_Prompt_: For the listing below, the answer is an exact retyping of the lines from the one with "- beton alapra" through the one with "本次班会同时也对近期身边发生", both included, without pictures.

_Raw data_:
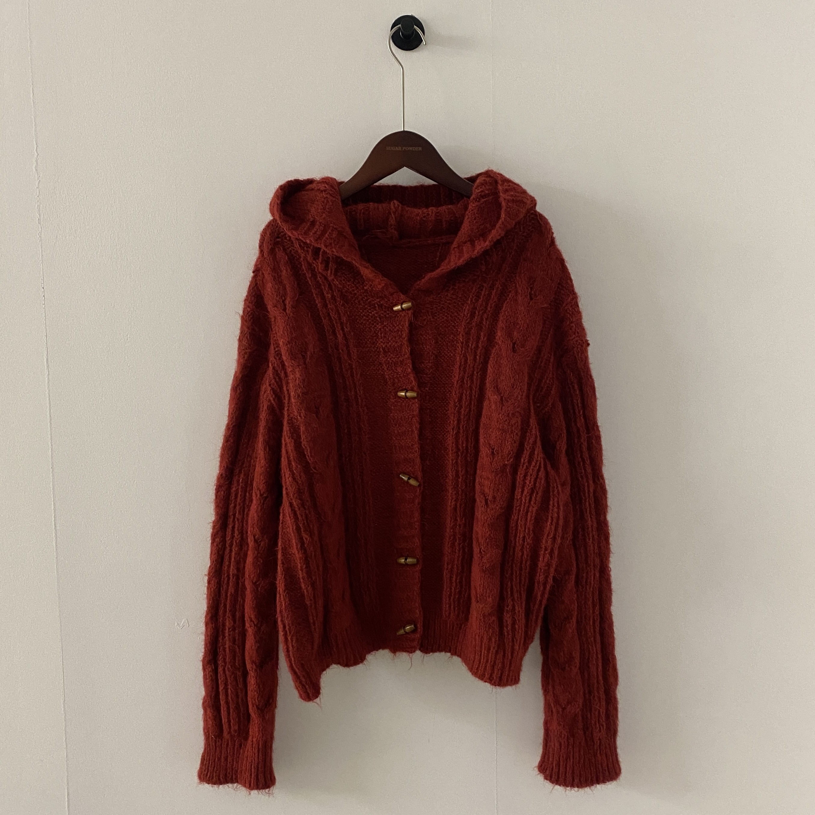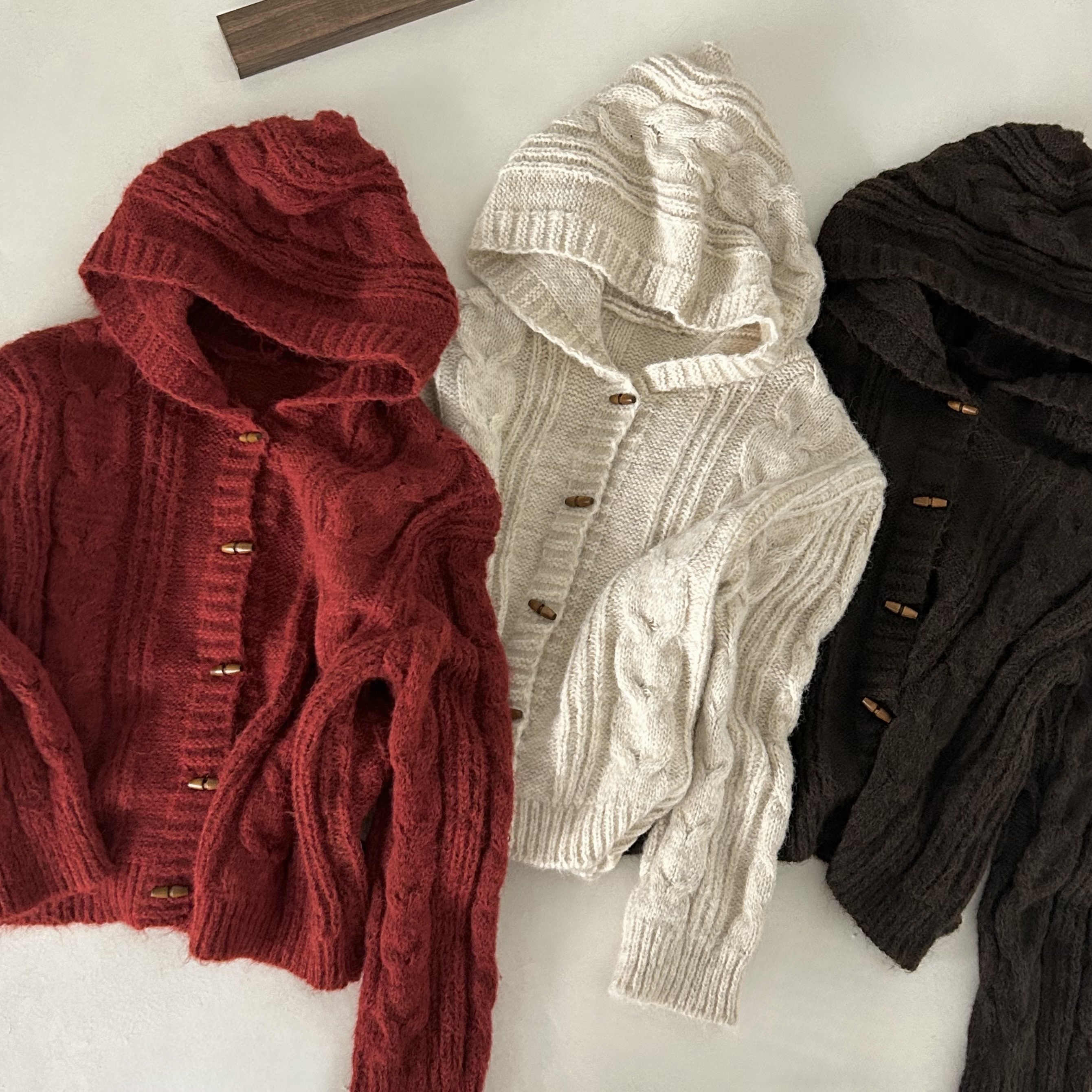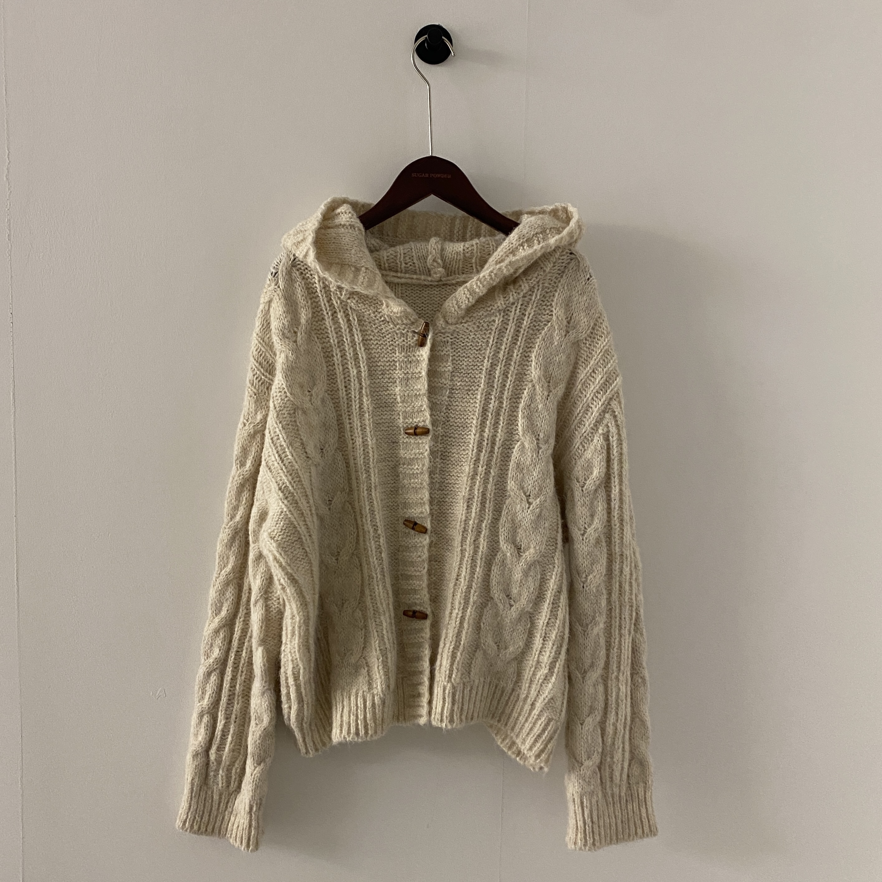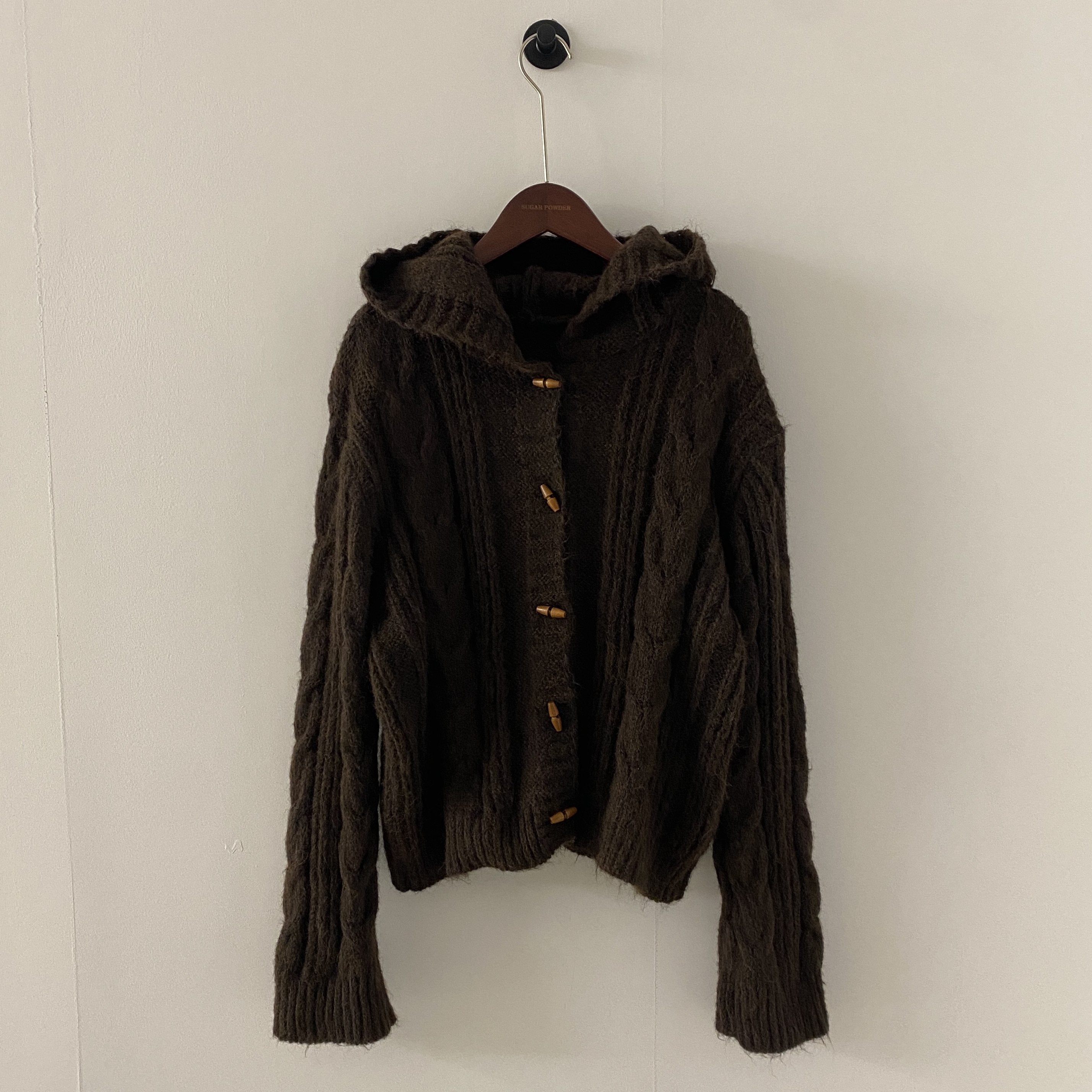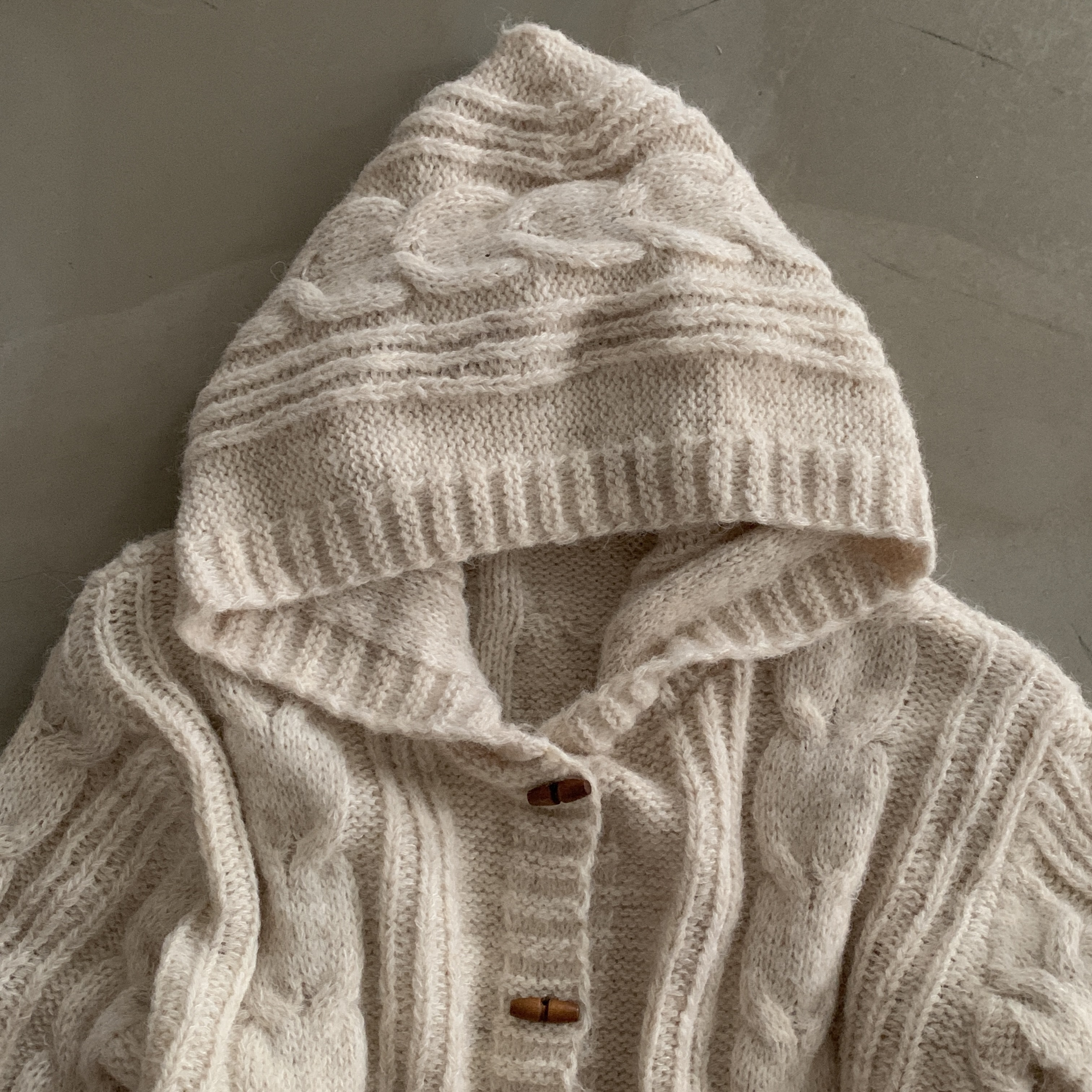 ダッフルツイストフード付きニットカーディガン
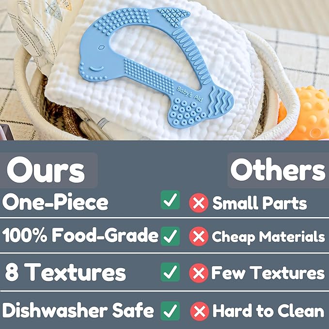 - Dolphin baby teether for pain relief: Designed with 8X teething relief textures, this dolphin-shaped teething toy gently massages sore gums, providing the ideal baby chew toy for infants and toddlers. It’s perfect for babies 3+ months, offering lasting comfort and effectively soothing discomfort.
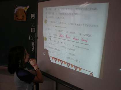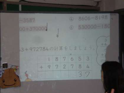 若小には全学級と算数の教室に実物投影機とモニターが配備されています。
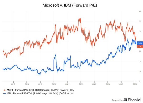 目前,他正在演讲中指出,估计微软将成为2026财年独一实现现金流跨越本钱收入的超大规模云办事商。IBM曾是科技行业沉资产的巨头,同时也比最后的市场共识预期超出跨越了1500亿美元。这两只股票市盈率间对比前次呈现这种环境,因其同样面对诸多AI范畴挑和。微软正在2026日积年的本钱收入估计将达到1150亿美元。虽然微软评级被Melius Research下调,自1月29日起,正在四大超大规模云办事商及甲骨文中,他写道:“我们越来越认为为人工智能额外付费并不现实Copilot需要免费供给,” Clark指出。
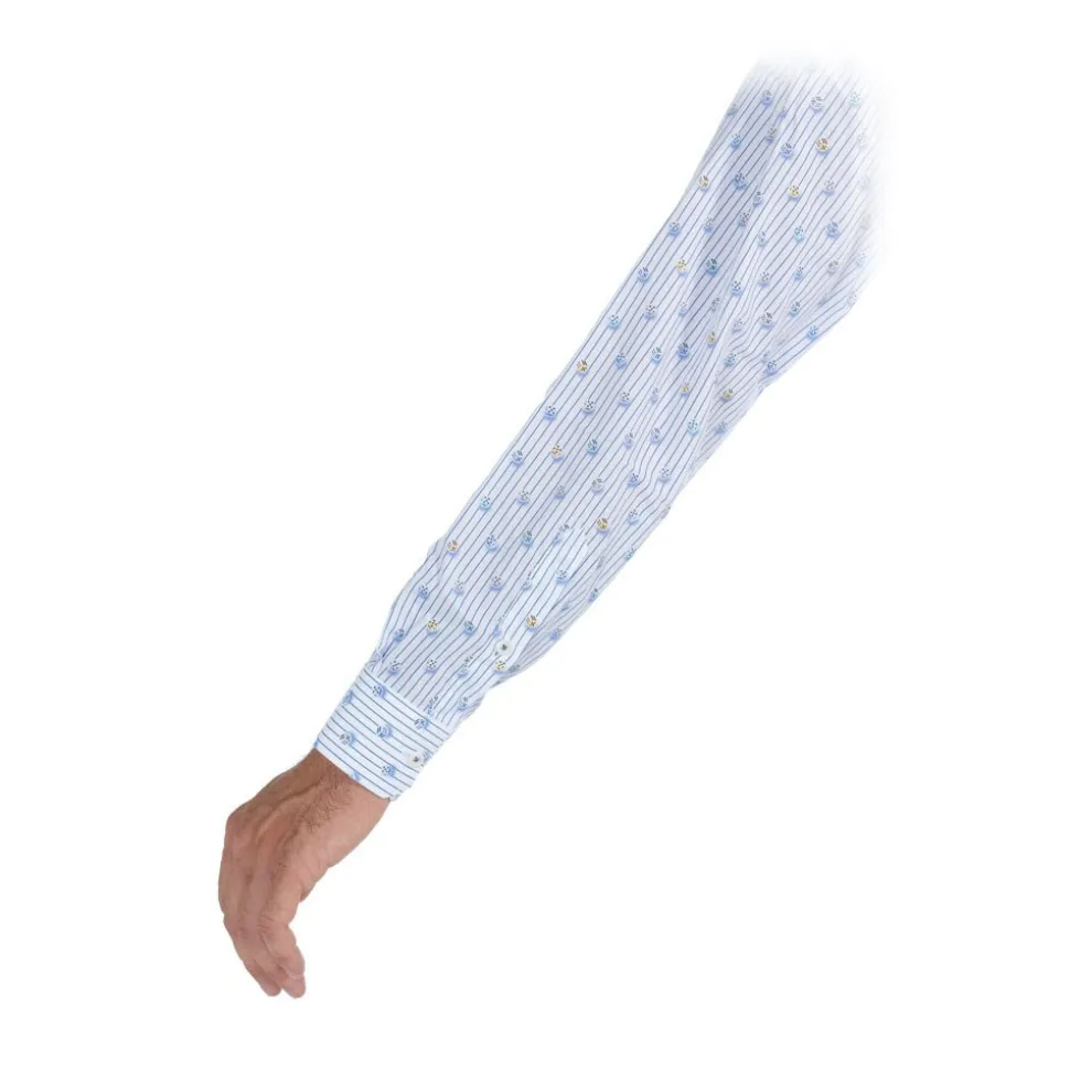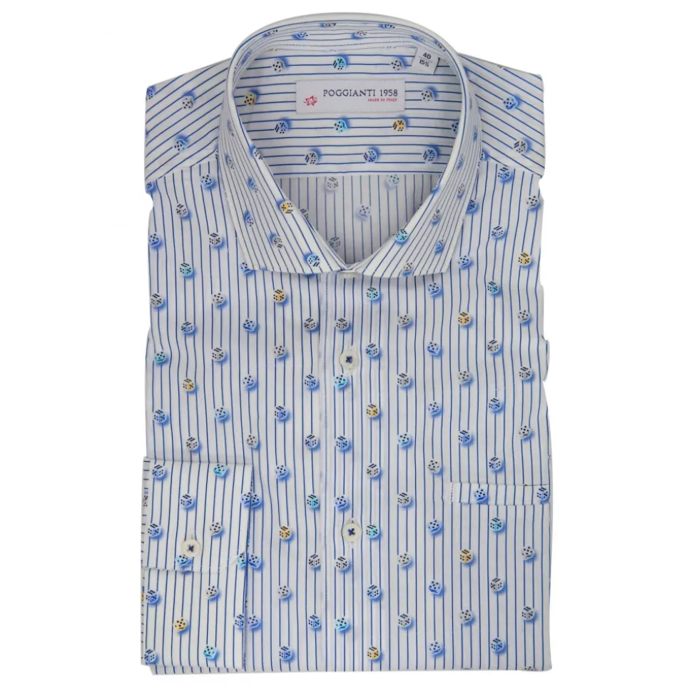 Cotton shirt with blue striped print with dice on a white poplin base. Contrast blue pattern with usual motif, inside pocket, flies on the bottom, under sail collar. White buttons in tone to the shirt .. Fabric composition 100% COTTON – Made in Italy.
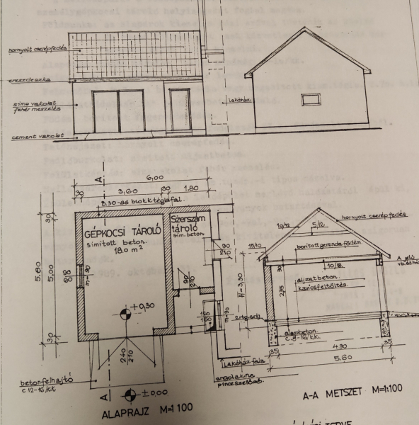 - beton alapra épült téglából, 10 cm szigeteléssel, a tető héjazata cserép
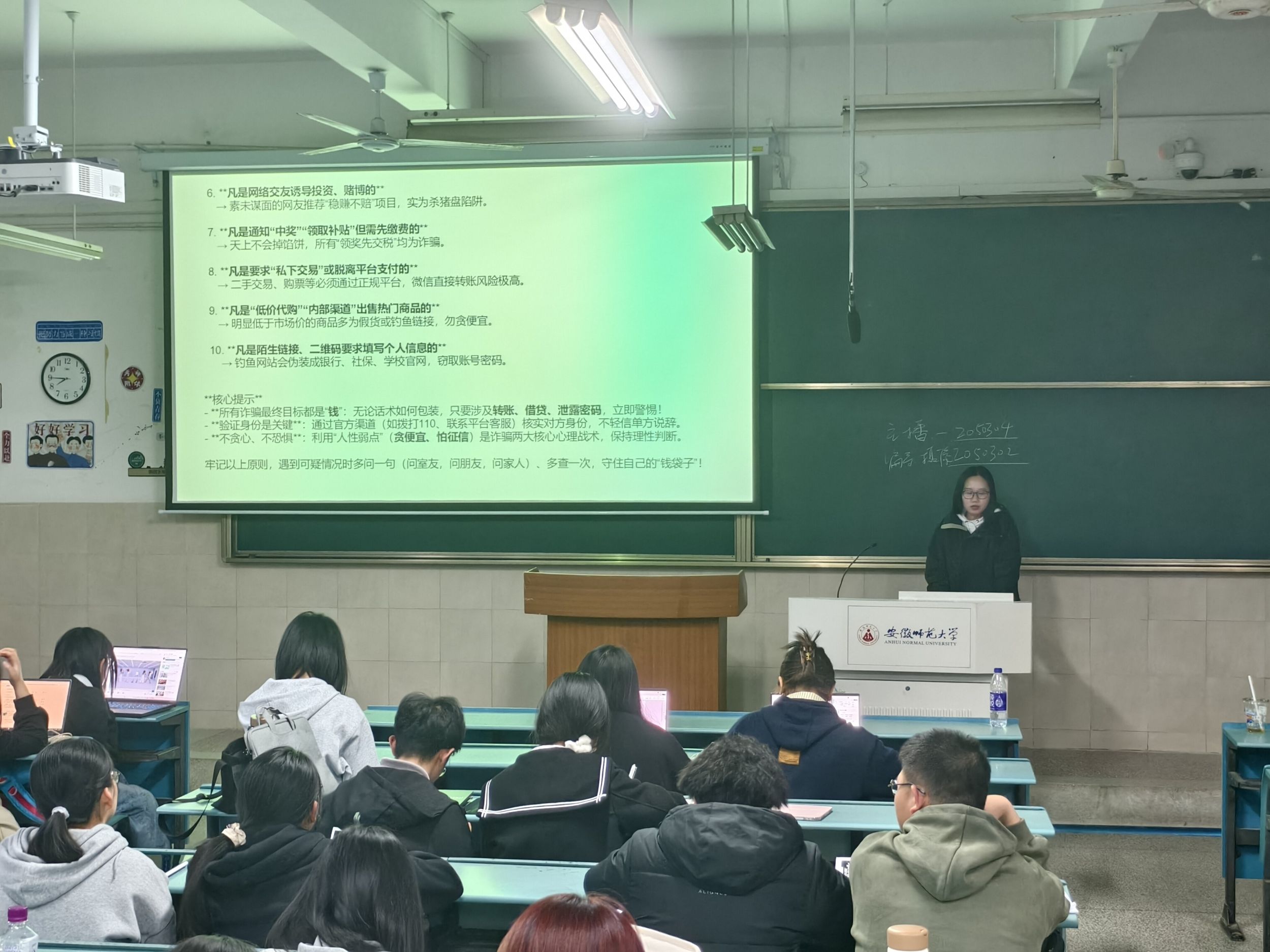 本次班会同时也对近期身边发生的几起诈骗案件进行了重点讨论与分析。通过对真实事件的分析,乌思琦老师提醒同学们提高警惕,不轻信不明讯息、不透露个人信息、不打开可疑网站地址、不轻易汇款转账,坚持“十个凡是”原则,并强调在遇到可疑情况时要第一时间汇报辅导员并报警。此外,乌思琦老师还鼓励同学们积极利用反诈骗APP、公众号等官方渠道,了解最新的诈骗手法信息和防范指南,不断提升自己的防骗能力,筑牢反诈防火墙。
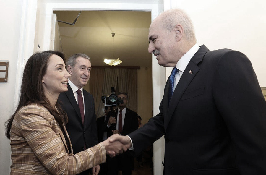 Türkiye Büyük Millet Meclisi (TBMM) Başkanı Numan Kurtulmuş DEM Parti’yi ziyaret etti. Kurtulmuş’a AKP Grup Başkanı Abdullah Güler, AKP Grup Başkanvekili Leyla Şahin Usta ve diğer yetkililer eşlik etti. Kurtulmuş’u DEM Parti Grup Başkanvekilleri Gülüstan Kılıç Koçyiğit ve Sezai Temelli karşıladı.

_Written answer_:
 - beton alapra épült téglából, 10 cm szigeteléssel, a tető héjazata cserép
 本次班会同时也对近期身边发生的几起诈骗案件进行了重点讨论与分析。通过对真实事件的分析,乌思琦老师提醒同学们提高警惕,不轻信不明讯息、不透露个人信息、不打开可疑网站地址、不轻易汇款转账,坚持“十个凡是”原则,并强调在遇到可疑情况时要第一时间汇报辅导员并报警。此外,乌思琦老师还鼓励同学们积极利用反诈骗APP、公众号等官方渠道,了解最新的诈骗手法信息和防范指南,不断提升自己的防骗能力,筑牢反诈防火墙。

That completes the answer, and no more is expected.